Start of RECORDS FOR THIS EXERCISE

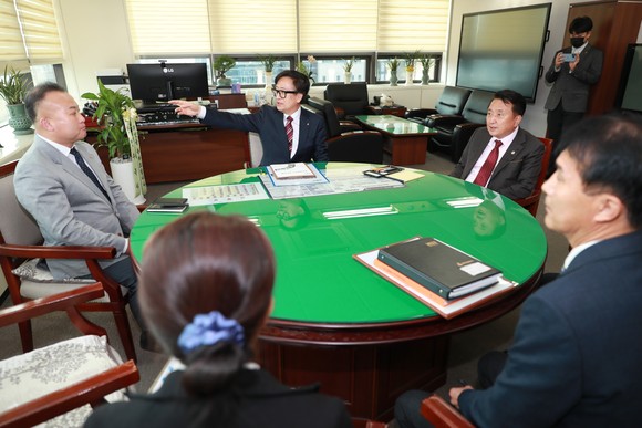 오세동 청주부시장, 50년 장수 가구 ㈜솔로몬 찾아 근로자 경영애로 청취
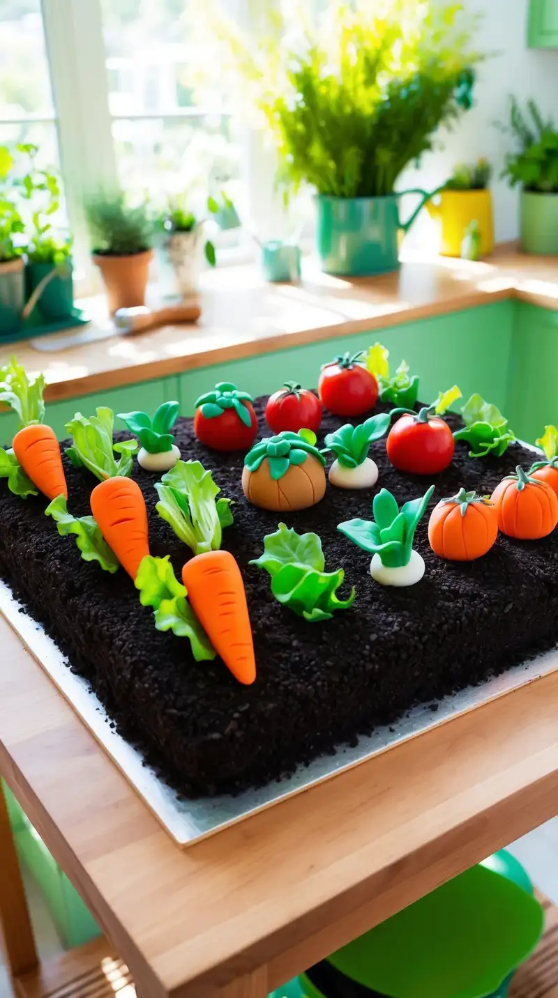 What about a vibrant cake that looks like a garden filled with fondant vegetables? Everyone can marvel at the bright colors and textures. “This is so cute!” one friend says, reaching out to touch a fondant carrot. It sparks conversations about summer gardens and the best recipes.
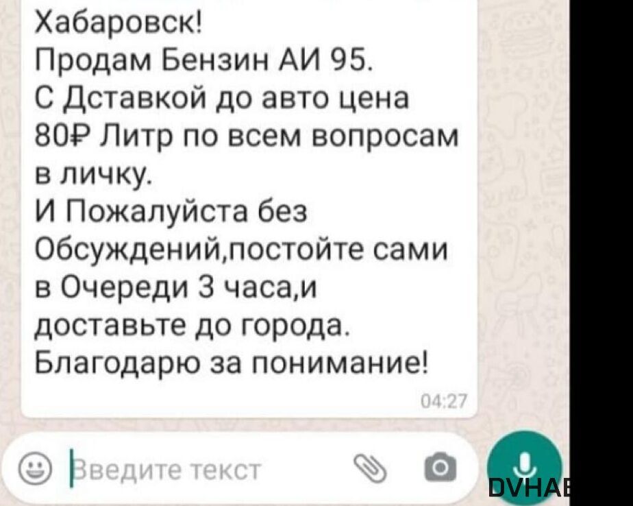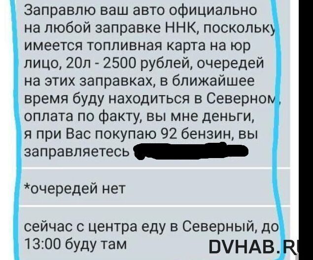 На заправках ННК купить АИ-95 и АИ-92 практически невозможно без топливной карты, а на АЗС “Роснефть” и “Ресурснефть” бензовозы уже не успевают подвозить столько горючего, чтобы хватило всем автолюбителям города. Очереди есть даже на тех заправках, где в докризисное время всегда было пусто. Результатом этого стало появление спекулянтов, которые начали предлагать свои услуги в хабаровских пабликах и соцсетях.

End of RECORDS FOR THIS EXERCISE
Start of RECORDS FOR THIS EXERCISE

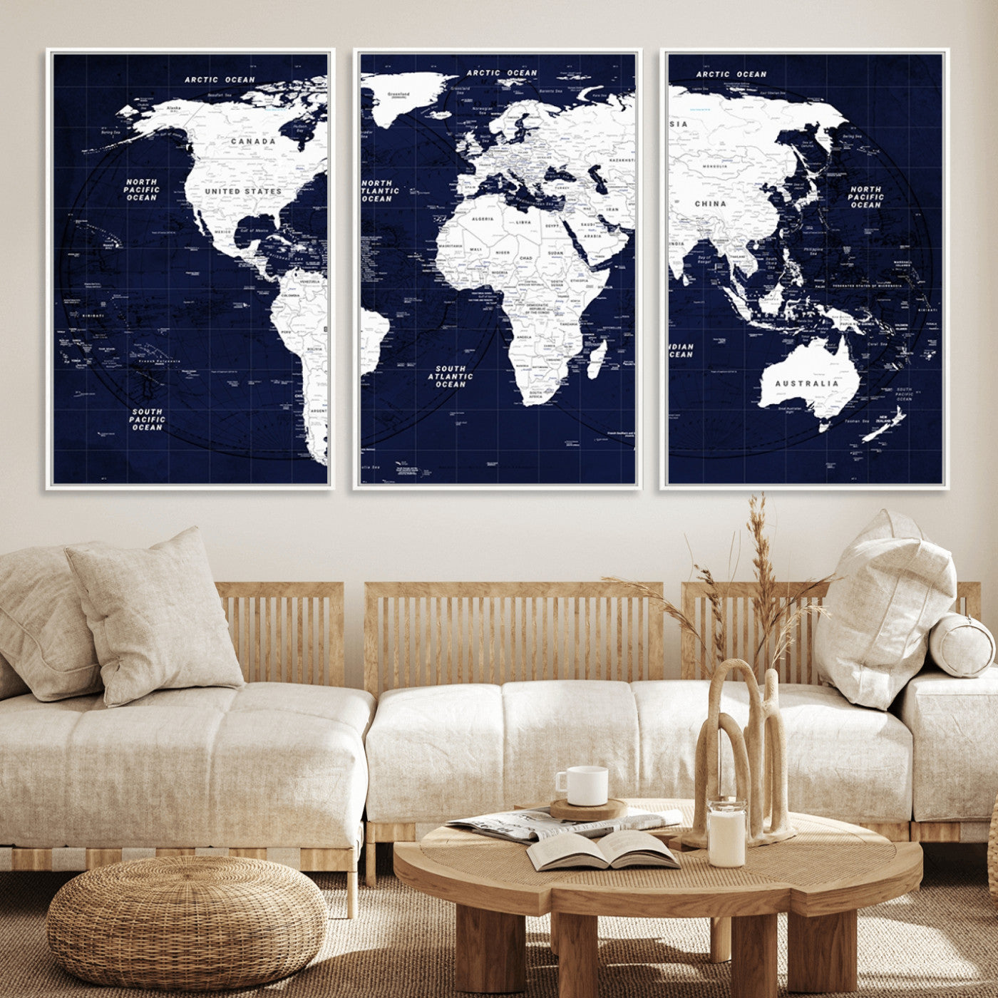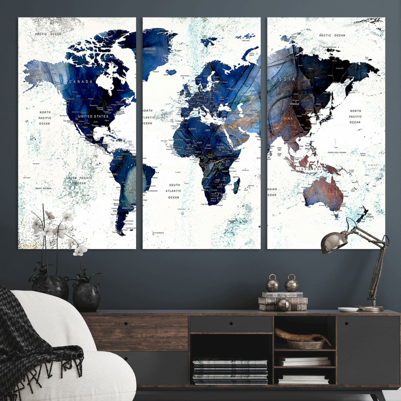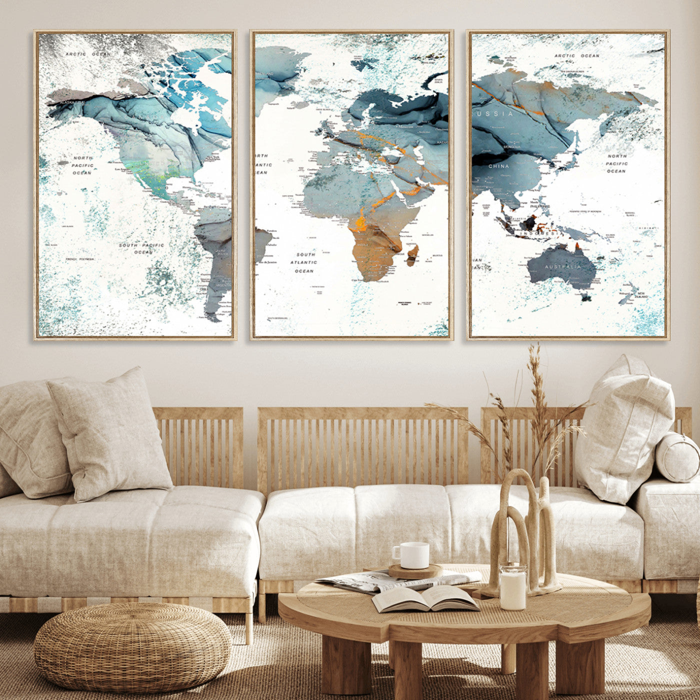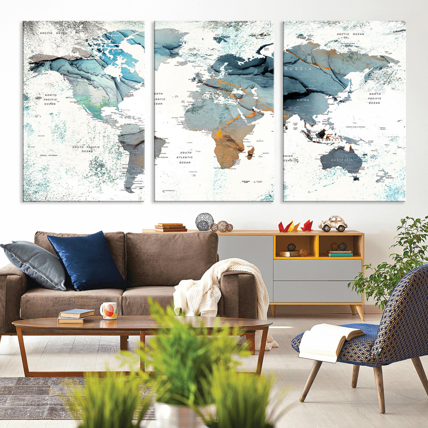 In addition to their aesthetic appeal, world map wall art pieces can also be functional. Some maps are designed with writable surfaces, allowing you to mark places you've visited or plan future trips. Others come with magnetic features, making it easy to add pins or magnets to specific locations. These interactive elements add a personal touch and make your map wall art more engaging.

End of RECORDS FOR THIS EXERCISE
Start of RECORDS FOR THIS EXERCISE

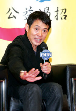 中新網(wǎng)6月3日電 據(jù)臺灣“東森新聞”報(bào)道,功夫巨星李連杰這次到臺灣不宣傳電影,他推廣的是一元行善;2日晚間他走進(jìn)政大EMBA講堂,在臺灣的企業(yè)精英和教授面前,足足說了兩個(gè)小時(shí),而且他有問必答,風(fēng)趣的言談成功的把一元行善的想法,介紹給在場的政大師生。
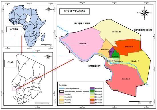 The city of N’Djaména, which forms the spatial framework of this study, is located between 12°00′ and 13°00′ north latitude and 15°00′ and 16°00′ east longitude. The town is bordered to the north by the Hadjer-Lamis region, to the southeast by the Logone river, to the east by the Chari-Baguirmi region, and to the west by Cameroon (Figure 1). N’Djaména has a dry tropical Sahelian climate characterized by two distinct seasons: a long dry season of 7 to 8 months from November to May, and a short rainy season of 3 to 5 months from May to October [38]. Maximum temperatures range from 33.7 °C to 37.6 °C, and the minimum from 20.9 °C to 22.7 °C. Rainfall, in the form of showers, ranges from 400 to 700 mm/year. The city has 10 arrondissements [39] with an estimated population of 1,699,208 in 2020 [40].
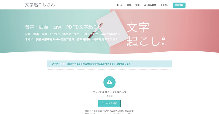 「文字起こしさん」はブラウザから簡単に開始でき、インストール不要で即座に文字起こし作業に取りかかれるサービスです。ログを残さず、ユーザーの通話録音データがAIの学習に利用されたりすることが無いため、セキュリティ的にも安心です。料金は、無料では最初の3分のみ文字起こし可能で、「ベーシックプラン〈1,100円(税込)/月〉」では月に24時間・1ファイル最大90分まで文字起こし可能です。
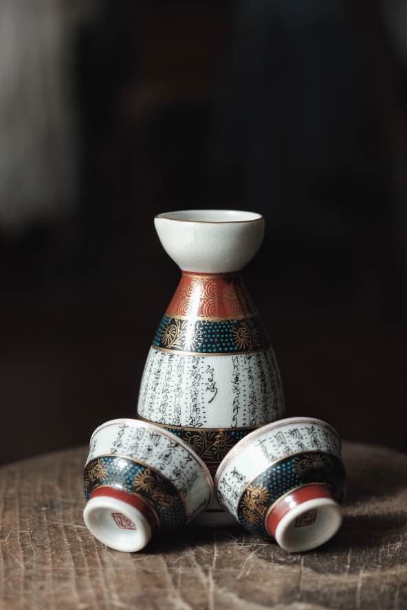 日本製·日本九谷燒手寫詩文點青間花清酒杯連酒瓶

End of RECORDS FOR THIS EXERCISE

ACTIVITY
Exactly reproduce the lines above, starting at the one that contains "오세동 청주부시장, 50년 장수 가구 ㈜솔로몬 찾아 근로자 경영애로 청취" and ending at the one that contains "What about a", both inclusive; leave the pictures out and add no other lines.

EXERCISE SOLUTION
 오세동 청주부시장, 50년 장수 가구 ㈜솔로몬 찾아 근로자 경영애로 청취
 What about a vibrant cake that looks like a garden filled with fondant vegetables? Everyone can marvel at the bright colors and textures. “This is so cute!” one friend says, reaching out to touch a fondant carrot. It sparks conversations about summer gardens and the best recipes.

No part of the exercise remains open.